If you want fandom to be welcoming to minorities, we need a culture of listening to them. If we want fandom to be inclusive, we need minorities to think they can be heard and their concerns - their personhoods - be respected and valued. If you want fandom to be a sanctuary, it needs to be a place that will not constantly repeat the same offenses that the rest of the world does. Too often people feel like not pointing to a problem or not talking about a problem will make it go away. They will happily declare that bigotry isn’t a problem in their fandom - and then wonder, in honest “bless-your-heart” confusion WHY there just happens to be no LGBT people or POC in their fandom? Why, what a surprising coincidence that no-one could possibly explain… right?

It’s another choice to make - you can either discuss issues even when they’re uncomfortable, confront them, deal with them criticise them and acknowledge them and therefore work to address and improve them. Or you can ignore them, silence them and hope it goes away.

One of the most important things fandom needs to do if they do want to be inclusive is not just fight the bigots and not just listen to criticism of the prejudice - but we also have to CELEBRATE diversity. We have to recognise this genre has been so erased for so long that turning the tide is a good thing. It’s something that should bring all of us joy, seeing our stories widen, our genre gaining new material and insight, everything becoming wider and deeper for EVERYONE as well as, again, reinforcing that this is a space for marginalised people as well. We should all celebrate our genres getting larger, having greater potential and ever more and diverse stories. We should celebrate our genres growing, not scream and shout and try to prune them back to just the same narrow parameters we’ve decided are acceptable. The larger the fandom celebrating any one show, book, or movie means that producers become aware that there is a large market and therefore encourages them to continue to produce the content we all want to see.
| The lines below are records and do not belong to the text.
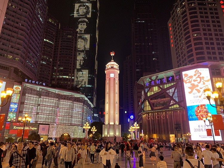 从第一组样张对比中可以看出,这两款手机在色彩还原倾向上有明显差异,iPhone XS Max拍出解放碑偏暖色调一些,颜料仿佛就要溢出一般,且对细节略有涂抹感,但有一种繁华的温暖。相比之下,努比亚Z18的风格则清澈许多,更接近人眼所见,有一种夜晚的凄凉感。(上为iPhone XS Max,下为努比亚Z18)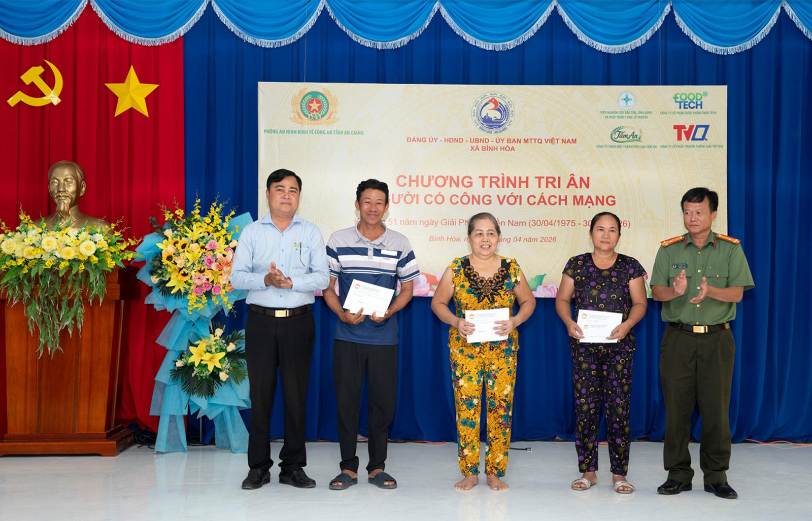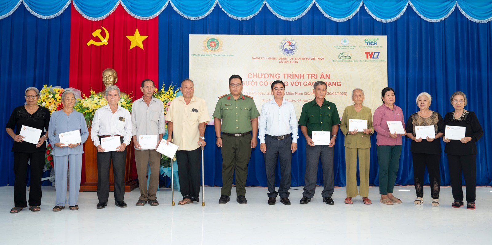 Dịp này, ban tổ chức chương trình tặng quà cho 43 gia đình có công với cách mạng (2 triệu đồng/suất); tặng quà cho 3 gia đình có người khuyết tật, do di chứng từ chất độc hóa học có hoàn cảnh khó khăn trên địa bàn xã Bình Hòa (6 triệu đồng/suất). Tổng trị giá quà 104 triệu đồng do chính quyền địa phương vận động các tổ chức, cá nhân và nhà hảo tâm tài trợ.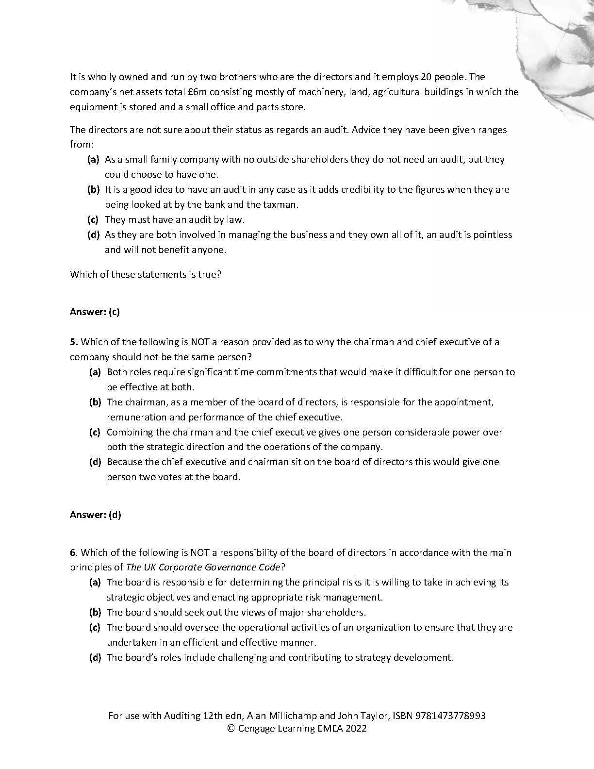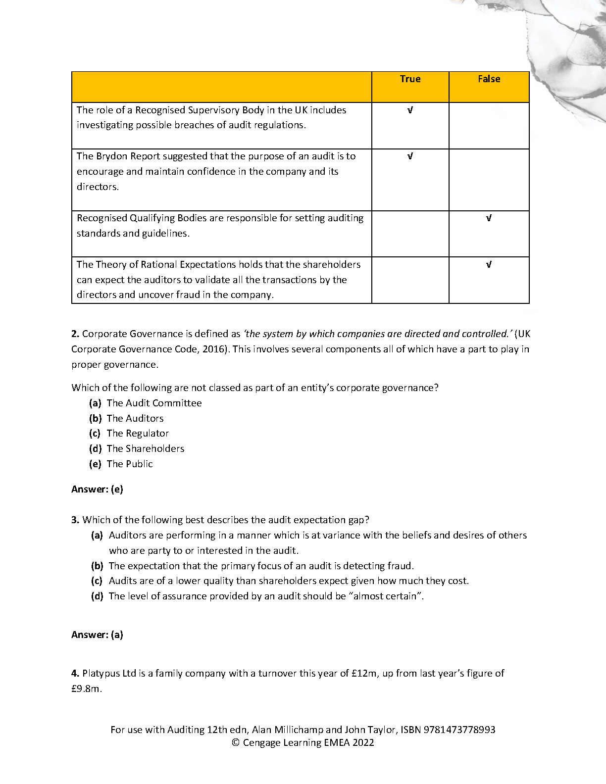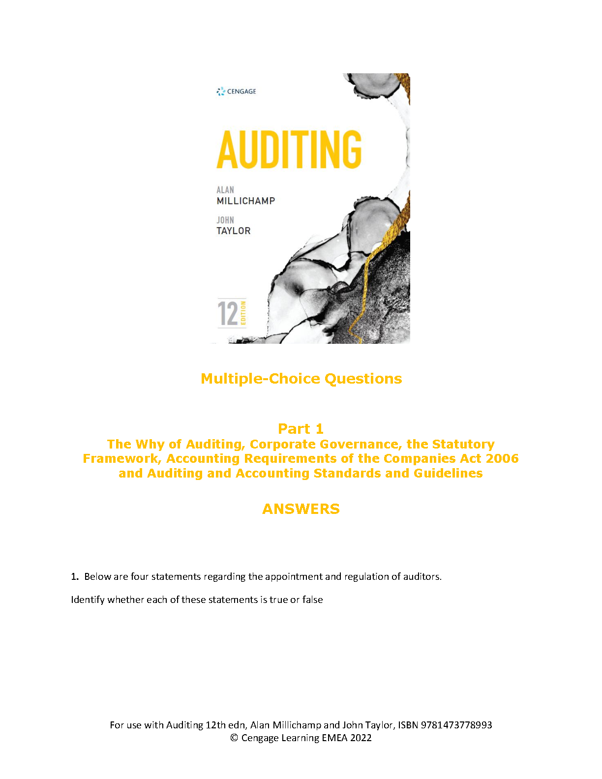 Test Bank for Auditing, 12th Edition, by Alan Millichamp and John Taylor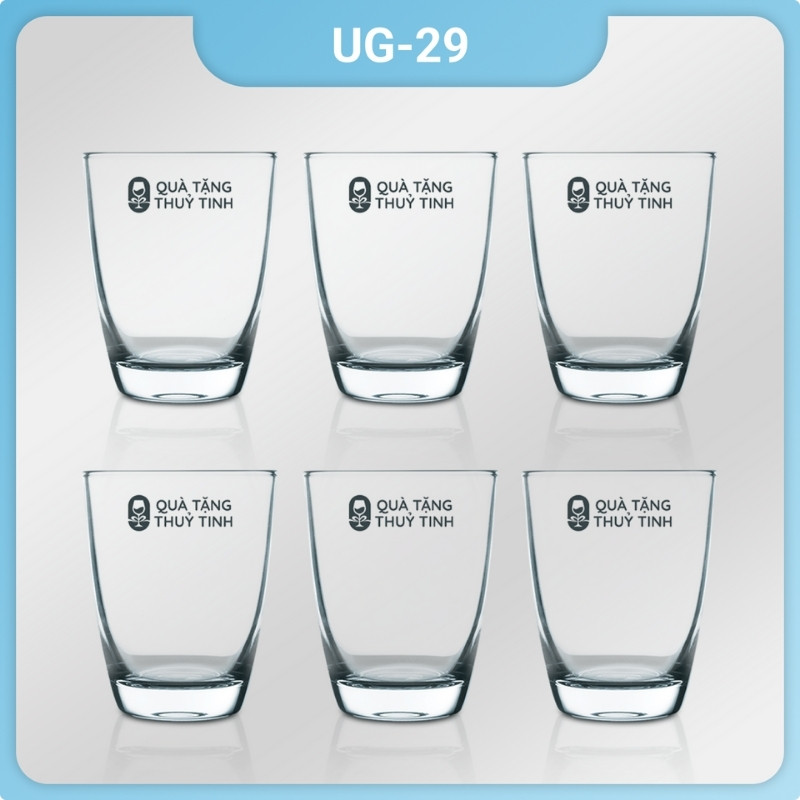 Bộ 6 ly thủy tinh UG 129 in logo dáng chữ U dung tích 262ml đặc trưng bởi kiểu dáng chữ U tinh tế và sang trọng, phù hợp với nhiều loại nước uống, dễ dàng sử dụng trong đời sống hàng ngày.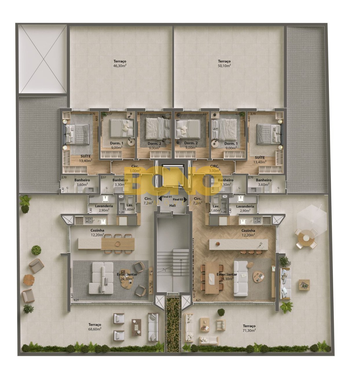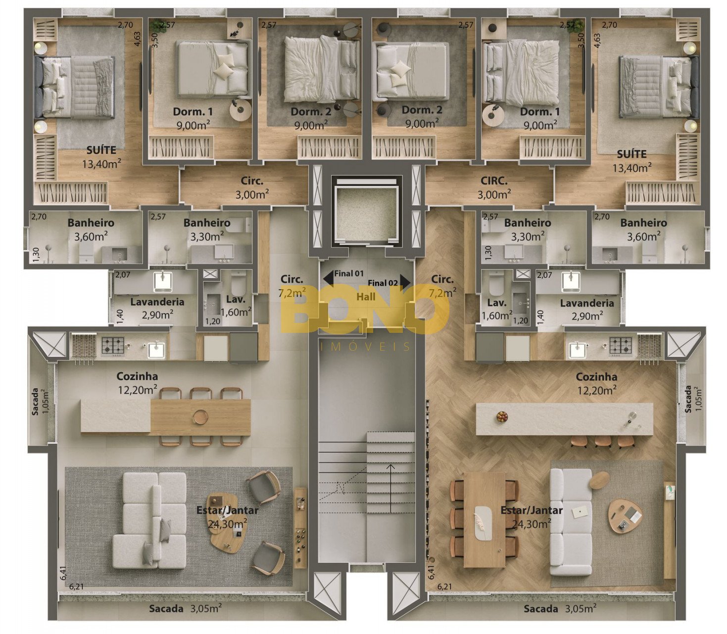 - Apenas 2 apartamentos por andar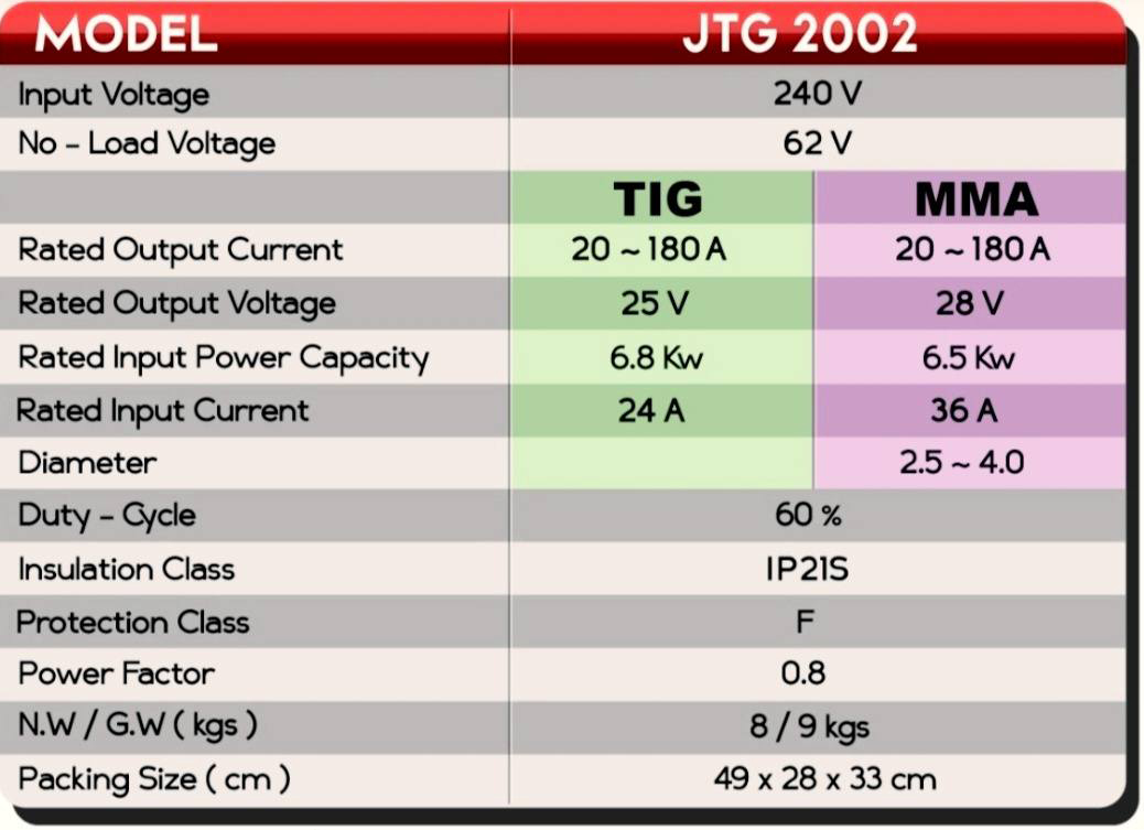 JETMAC JTG 2002 Inverter TIG/MMA Welding Machine [Code: 10525]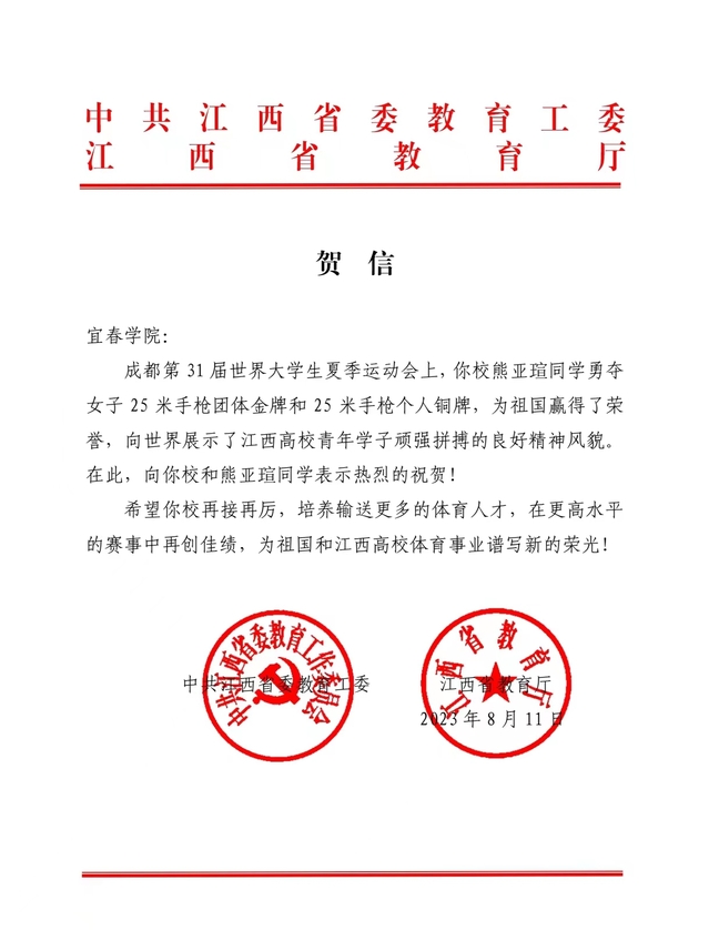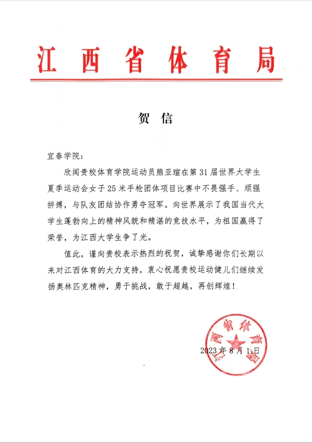 日前,江西省体育局、省教育厅先后向beat365官方网站发来贺信,对熊亚瑄与队友团结协作、勇夺冠军表示热烈祝贺。贺信指出,beat365官方网站运动员熊亚瑄向世界展示了我国当代大学生昂扬的精神风貌和精湛的竞技水平,为祖国赢得了荣誉,为江西大学生争了光。

Yet time and again we see diversity being seen as a terrible scourge, a terrible imposition that somehow afflicts privileged people.Too often we see anything less than complete cishet, white, male able bodied dominance as some kind of threat - like not being dominant in all things robs them of something. At the most extreme we see active exclusion of minorities, literally allowing nothing but privileged dominance. But more often we see hand wringing laments that there’s no REASON for minorities here (unlike the privileged who need no justification for existence) or that it is too much, going too far despite minorities still holding only a tiny fraction of major roles in ANY genre

We need our fandom to be inclusive, it should be welcoming, we should all have a place here. But, sadly this is not currently the case - and it is going to take a real and meaningful cultural shift from all of us to make it so and allow fandom to truly realise its potential.